At 500-feet up, with the ropes still strung up, the three climbers opted against rappelling and having to climb the route again. So they spent a long night, against the bitter cold and ferocious winds bivouacking on a ledge. Kor, who was 6′ 5″, took up much of the space. The next two pitches, which Kor led, combined a series of easier moves with aid climbing, where Layton still struggled to find cracks for protection. By noon on four days of climbing over the span of a week, the three climbers pulled onto the summit.
With the publication of the article in the November 1962 issue of National Geographic, Kor and Ingalls’ exploits were becoming known worldwide. The two would continue onto the first ascent of Standing Rock in Monument Basin a climb where Kor described the rock quality as “layers of rye-krisp sandwiched between layers of kitty litter,” then Kor would ascend Monster Tower in Canyonlands National Park and Argon Tower in Arches National Park.
Climbers Started Catching On
Soon, the Utah desert was attracting climbers from across North America. Eric Bjornstad and Fred Beckey came from Seattle to establish routes in Monument Valley. In Zion National Park, Jeff Lowe of Ogden established Moonlight Buttress (5.8 A1). Many came for the towers and unclaimed summits. But for some climbers, there was only one area that held their interest. It was a corner of Canyonlands National Park that was known as Indian Creek.
In 1976, a group of climbers out of Colorado, led by Ed Webster and Earl Wiggins, drove into the Creek. They packed scarce knowledge of a hand crack they’d seen on a previous trip that was near perfect in symmetry and broken only by a small roof. Armed only with a rack of hexes and rudimentary nuts, Wiggins slotted his hands into the flake. He twisted his foot into the crack, and stepped off to change desert climbing forever. In this era, crack climbing was an obscure and fringe sport.
Nobody knew if hexes and nuts would catch the soft, crumbling sandstone if one were to fall. Not wanting to risk finding out the consequences, Wiggins led the first 100-feet of the three-pitch route without stopping. He gruelingly jammed his hands and used only his weight to find a secure stance where he could place another piece. Placing the anchor, he brought up Webster, and by the end of the day, the two were at the top of the buttress. It was originally known as “Luxury Liner,” and then became “Supercrack” (5.10). In Webster’s words, they established “a new frontier of desert sandstone crack climbing.”

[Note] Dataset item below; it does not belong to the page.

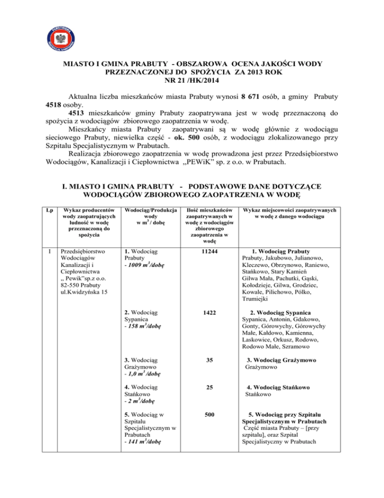 MIASTO I GMINA PRABUTY - OBSZAROWA OCENA JAKOŚCI WODY PRZEZNACZONEJ DO SPOŻYCIA ZA 2013 ROK NR 21 /HK/2014 Aktualna liczba mieszkańców miasta Prabuty wynosi 8 671 osób, a gminy Prabuty 4518 osoby. 4513 mieszkańców gminy Prabuty zaopatrywana jest w wodę przeznaczoną do spożycia z wodociągów zbiorowego zaopatrzenia w wodę. Mieszkańcy miasta Prabuty zaopatrywani są w wodę głównie z wodociągu sieciowego Prabuty, niewielka część - ok. 500 osób, z wodociągu zlokalizowanego przy Szpitalu Specjalistycznym w Prabutach. Realizacja zbiorowego zaopatrzenia w wodę prowadzona jest przez Przedsiębiorstwo Wodociągów, Kanalizacji i Ciepłownictwa ,,PEWiK” sp. z o.o. w Prabutach. I. MIASTO I GMINA PRABUTY - PODSTAWOWE DANE DOTYCZĄCE WODOCIĄGÓW ZBIOROWEGO ZAOPATRZENIA W WODĘ Lp I Wykaz producentów wody zaopatrujących ludność w wodę przeznaczoną do spożycia Przedsiębiorstwo Wodociągów Kanalizacji i Ciepłownictwa ,, Pewik”sp.z o.o. 82-550 Prabuty ul.Kwidzyńska 15 Wodociąg/Produkcja wody w m3 / dobę Ilość mieszkańców zaopatrywanych w wodę z wodociągów zbiorowego zaopatrzenia w wodę Wykaz miejscowości zaopatrywanych w wodę z danego wodociągu 1. Wodociąg Prabuty - 1009 m3/dobę 11244 1. Wodociąg Prabuty Prabuty, Jakubowo, Julianowo, Kleczewo, Obrzynowo, Raniewo, Stańkowo, Stary Kamień Gilwa Mała, Pachutki, Gąski, Kołodzieje, Gilwa, Grodziec, Kowale, Pilichowo, Pólko, Trumiejki 2. Wodociąg Sypanica - 158 m3/dobę 1422 2. Wodociąg Sypanica Sypanica, Antonin, Gdakowo, Gonty, Górowychy, Górowychy Małe, Kałdowo, Kamienna, Laskowice, Orkusz, Rodowo, Rodowo Małe, Szramowo 3. Wodociąg Grażymowo - 1,0 m3 /dobę 35 3. Wodociąg Grażymowo Grażymowo 4. Wodociąg Stańkowo - 2 m3/dobę 25 4. Wodociąg Stańkowo Stańkowo 5. Wodociąg w Szpitalu Specjalistycznym w Prabutach - 141 m3/dobę 500 5. Wodociąg przy Szpitalu Specjalistycznym w Prabutach Część miasta Prabuty – [przy szpitalu], oraz Szpital Specjalistyczny w Prabutach II. GMINA PRABUTY - PODSTAWOWE INFORMACJE DOTYCZĄCE JAKOŚCI WODY Badania jakości wody prowadzone były zarówno przez Państwową Inspekcję Sanitarną jak i przez PWKiC ,,PEWiK” w Prabutach i ECO Malbork sp. z o.o. - w ramach obowiązkowej kontroli wewnętrznej. Wodę o dobrej - odpowiadającej wymaganiom jakości produkowało - 5 wodociągów wodę o jakości niezgodnej z wymaganiami - 0 wodociągów Z punktów poboru wody zlokalizowanych na terenie miasta i gminy Prabuty, w ramach nadzoru sanitarnego prowadzonego przez Państwowego Powiatowego Inspektora Sanitarnego w Kwidzynie, pobrano do badań w 2013 roku 43 prób wody. Liczba prób nie odpowiadających wymaganiom wynosiła 2. Wodociągi zbiorowego zaopatrzenia w wodę - 2013 rok 50 43 40 30 20 10 2 0 Liczba prób zbadanych ogółem Liczba prób zdyskwalifikowanych Parametry oznaczone w wodzie przeznaczonej do spożycia w 2013 roku na terenie miasta i gminy Prabuty: Bakterie grupy coli, Eschericha coli, Enterokoki, Ogólna liczba mikroorganizmów w 22oC±2 po 72 h, Ogólna liczba mikroorganizmów w 36oC±2 po 48 h, Clostridium perfringens (łącznie ze sporami), Barwa, Mętność, pH, Przewodność właściwa, Zapach, Smak, Amonowy jon, Azotyny, Azotany, Glin, Mangan, Żelazo, Antymon, Arsen, Benzen, Benzo(a)piren, Bor, Chlorek winylu, Chrom, Cyjanki, 1,2-dichloroetan, Fluorki, Kadm, Nikiel, Ołów, Rtęć, Selen, ∑ trichloroetenu i tetrachloroetenu, ∑ THM, ∑ Wielopierścieniowych węglowodorów aromatycznych, Chlorki, Twardość, Siarczany, Sód, Utlenialność z KMnO 4 , Bromiany, Chloroform, Dibromochlorometan, Dichlorobromometan, Tribromometan, Czterochlorek węgla, Trichloroetan, Tetrachloroetan, Fluoranten, Benzo(b)fluoranten, Benzo(ghi)terylen, Benzo(k)fluoranten, Ideno(123-cd)piren, ∑ pestycydów, Pestycydy (*α-HCH, β-HCH, heptachlor, γ-HCH, δ-HCH, aldryna, α-endosulfan, β-endosulfan, dieldryna, endryna, pp'DDD, pp'DDE, pp'DDT, pp’DMDT, heptachlor epoksyd, heksachlorobenzen, fenitrotion, malation, chlorfenvinfos, HCB, DDE, DDT, DDD, aldehyd endryny, siarczan endosulfanu, metoksychlor, Σ benomylu i karbendazymu, tiabendazol, diazynon, disulfoton, chlorpiryfos metylowy, pirymifos metylowy, paration metylowy, pirymyfos etylowy, paration etylowy, tolilofluanid). Nieprawidłowości stwierdzono w zakresie 1 parametru: bakterie gr. coli J akoś ć wody - oz nac z ane parametry 1 L ic z ba parametrów oz nac z onyc h w próbac h wody L ic z ba parametrów z dys kwalifikowanyc h w próbac h wody 90 Charakterystykę jakości wody produkowanej przez poszczególne wodociągi na terenie miasta i gminy Prabuty oraz ich końcową ocenę za cały 2013 rok przedstawia poniższa tabela: Nazwa wodociągu Wodociąg Prabuty Ocena końcowa jakości wody za rok 2013 Woda dobra: Bakteriologia – dobra Fizykochemia – dobra Parametry nie odpowiadające wymaganiom Postępowanie administracyjne prowadzone przez PPIS Działania naprawcze prowadzone przez przedsiębiorstwa wodociągowe Wodociąg Sypanica Wodociąg Grażymowo Wodociąg Stańkowo Wodociąg przy Szpitalu Specjalistycznym w Prabutach Woda dobra: Bakteriologia – dobra Fizykochemia – dobra Woda dobra: Bakteriologia – dobra Fizykochemia – dobra Woda dobra: Bakteriologia – dobra Fizykochemia – dobra Woda dobra: Bakteriologia – dobra Fizykochemia – dobra Z dniem 25 września 2013r. wodociąg Szpitala Specjalistycznego w Prabutach został wyłączony z eksploatacji a wszystkie obiekty zaopatrywane w wodę z tego wodociągu podłączone zostały do wodociągu sieciowego Prabuty.

In 1979, on the eve of the development of sport climbing in the 1980s, Steck and Roper published their list of the 50 Classic Climbs of North America. It included the Kor Ingalls Route on Castleton Tower and the Finger of Fate on The Titan.
Climbers from all over the world were coming to Southeastern Utah. But, they’d developed more technique, they were armed with spring-loaded cams, and were stronger than any previous climbing generation. The desert was a hotbed for hard ascents spurred by the publication of Eric Bjornstad’s Desert Rock guidebook in 1996. Since then, the Utah desert has become a playground for futuristic free-solos with BASE Jump descents, from climbers such as Steph Davis, to soaring slacklines between the towers.
Still today, test pieces of up to 5.14 are being established in the depths of Indian Creek. The bold towers that Kor and Ingalls established over days are now being climbed within hours, many of them free. But while Utah is on the mainstream map of the climbing world, to truly appreciate it is to imagine two climbers wandering the unpaved canyons 22-miles northeast of Moab, and dreaming of the first ascent on the rust-red desert pillars.
When asked why he climbed Standing Rock, Kor, who passed away in 2013, simply replied: “We climbed it because it won’t always be there.”